2 distinct rotations
I\
 
4 distinct rotations
TL[%
 
8 distinct rotations
F

Overlapping Mode

The overlapping mode starts with a single source image and constructs small base tiles by taking subtiles from the image. Duplicate tiles are consolidated and adjacency rules inferred. In this case "adjacency" means that the tiles are the same, except for the row or column on the edge. That is, for one NxN tile to be allowed to the right of another, the last N-1 columns of the left tile must match the first N-1 columns of the right tile. (Hence the name: overlapping.) The algorithm then proceeds as the simple tiled version does, except when it comes to final rendering: instead of rendering out a whole tile at each grid point, we render out just the corner pixel at that point. This is why the overlapping variant produces much smaller tilings for the same effort: the final size is reduced by a factor of the tilesize.

The technique for reducing duplicates is quite clever. The original set of colours is mapped to an integer index. Each matrix of integers is then converted into a number base K, where K is the number of distinct colours. Comparing tiles is just a matter of comparing these numbers. The technique works best if the number of distinct tiles and colours is relatively small: so fairly small and simple source images with a small number of distinct colours.

When the overlapping mode is used, you get designs in the style of the original image, with similar constraints. Since the tiles are sampled, there are no explicit symmetry rules as there are for explicit tiles. Instead, an overall parameter defines the allowable number of distinct symmetry variants of the pattern: typically 8 (the default), 4, or 2. As the number of symmetries decreases, the pattern becomes more constrained:

Base tile:

Symmetry 8Symmetry 4Symmetry 2

The neighbourhood parameter is also the tilesize parameter in the overlapping mode. N=1 amounts to randomly picking pixels from the sampled set. N=2 is a little better but doesn't really honor the constraints and style of the original very well. For this sample tile N more than 3 consistently fails but for other patterns it can give you output patterns with more global consistency with the source pattern:.

N=1N=2N=3

Inferred Tiles

Inferred tiles combines the operation of the simple tiling mode with the sampling of overlap mode: tiles are sampled from the base tile like in the overlap mode, but the adjacent rules are based only on the edge columns, not the overlap.

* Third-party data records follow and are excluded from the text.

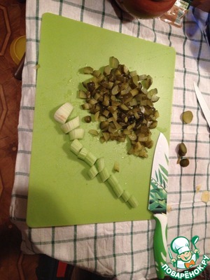 Мелко нашинковать солёные огурцы. Стебель сельдерея нарезать средними кусками.
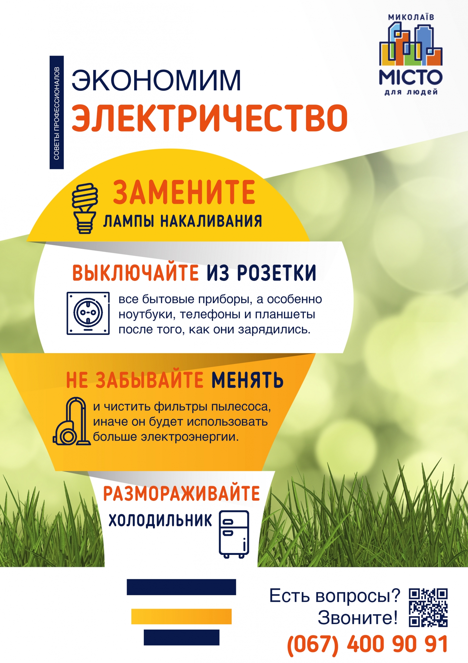 В управляющей компании «Місто для людей — Миколаїв» дали советы по уменьшению потребления электроэнергии.
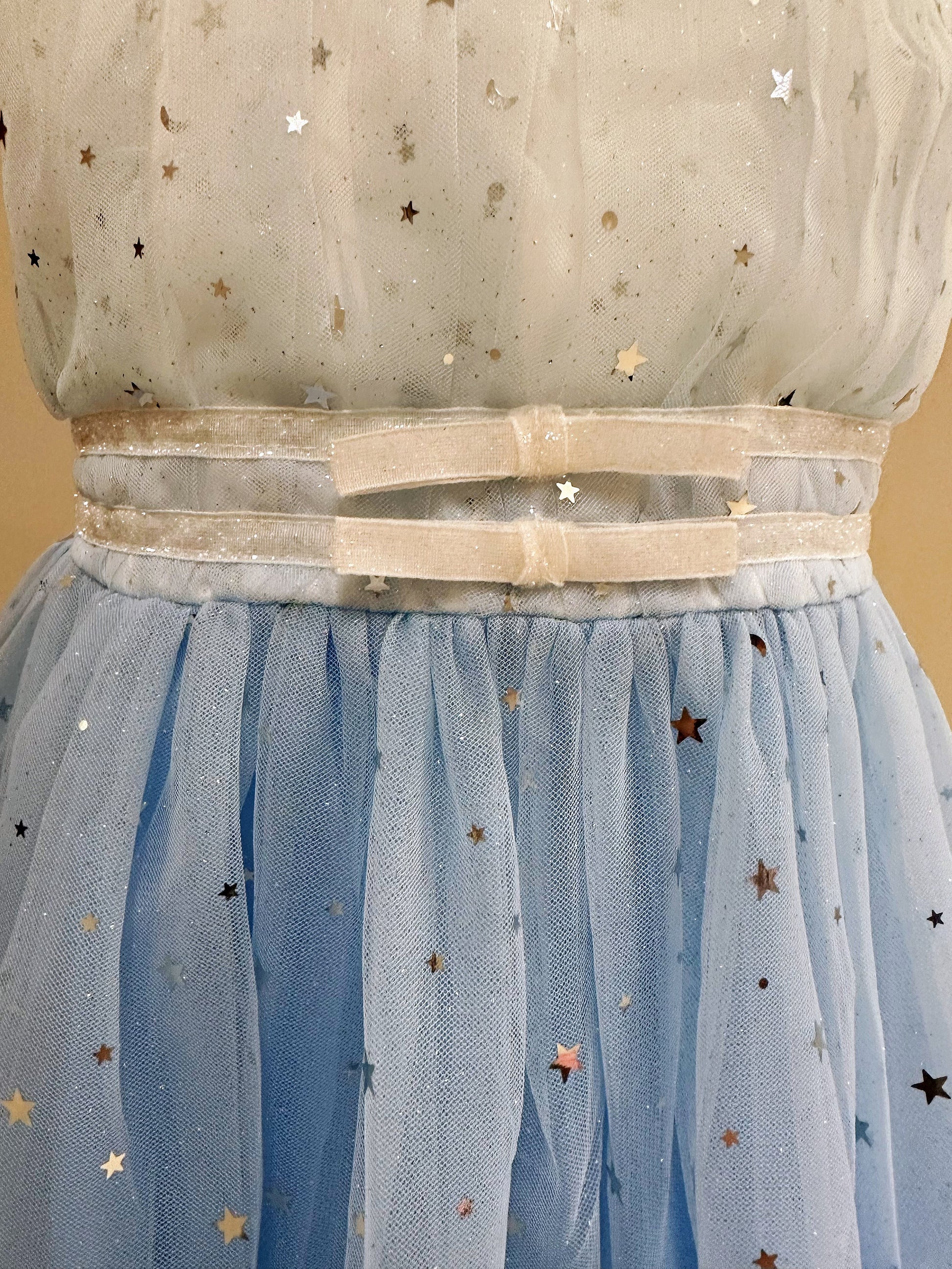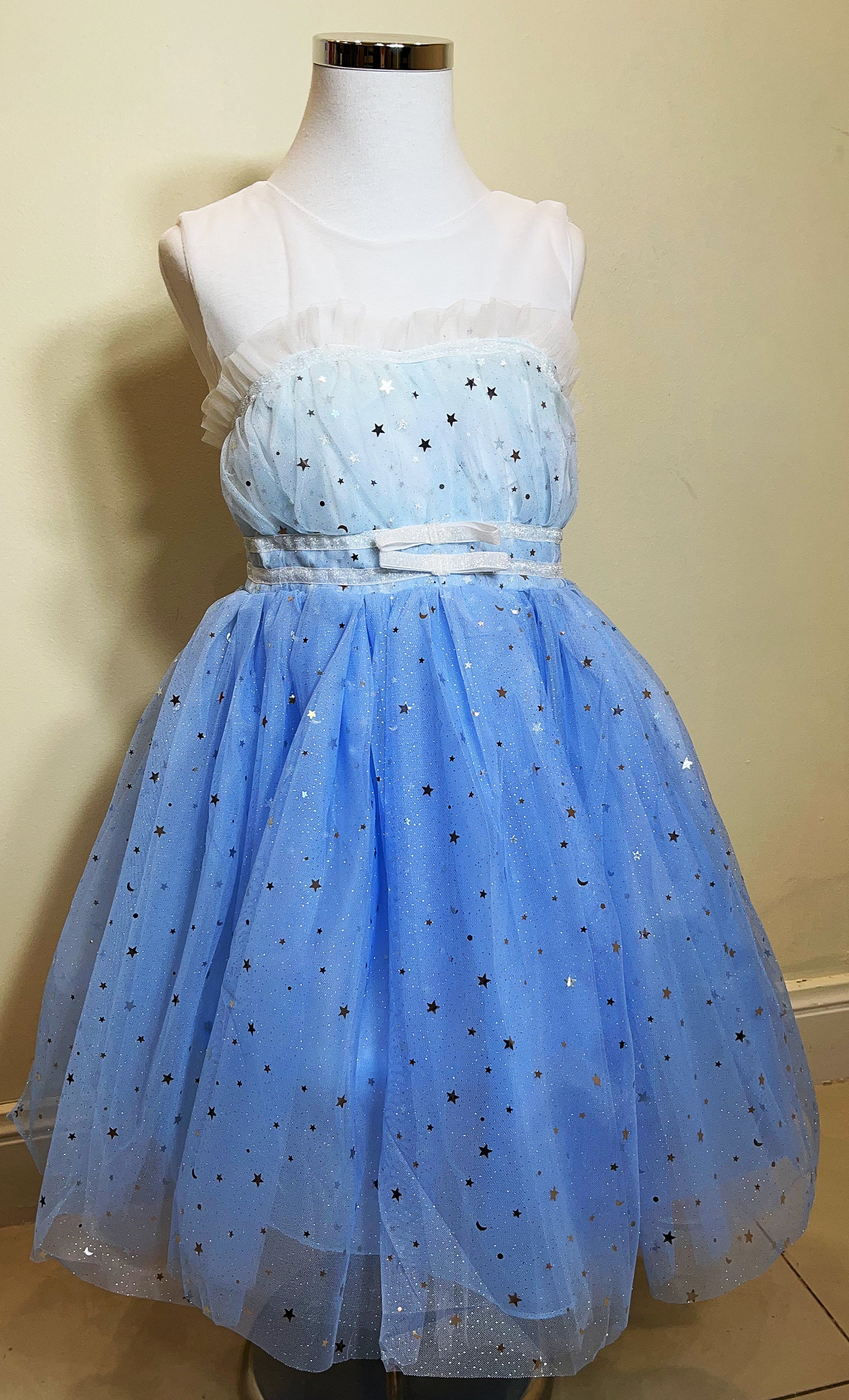 Embroidered Lace Star White with Star Blue Princess Dresses

Keeping the full set of tiles and adjacency rules can lead to very expensive and poorly constrained results, especially for high symmetry values. In addition to using a smaller symmetry value, the inference also separates tilesize from neighbourhood size (as does simple tiling), and provides for only keeping a certain fraction of the rules. Selection of rules to keep is random.

Base tile:

With symmetry=2 and a tilesize of 10 (vs sample image size 70):

keep=25%keep=50%keep=75%

Using 100% of the rules with the same base pattern as the two series in the previous section (with symmetry 8, neighbourhood 3) gives:

Other variations give spottier patterns.

Clearly explicit rules or the overlapping algorithm produces cleaner results. I am experimenting with other ways of controlling the rule sets.

References

  1. Source code for original implementation of Wave Function Collapse algorithm (C#), pointers to other ports: https://github.com/mxgmn/WaveFunctionCollapse>

Updated: 20220720, fixing mistranscribed symmetry rules.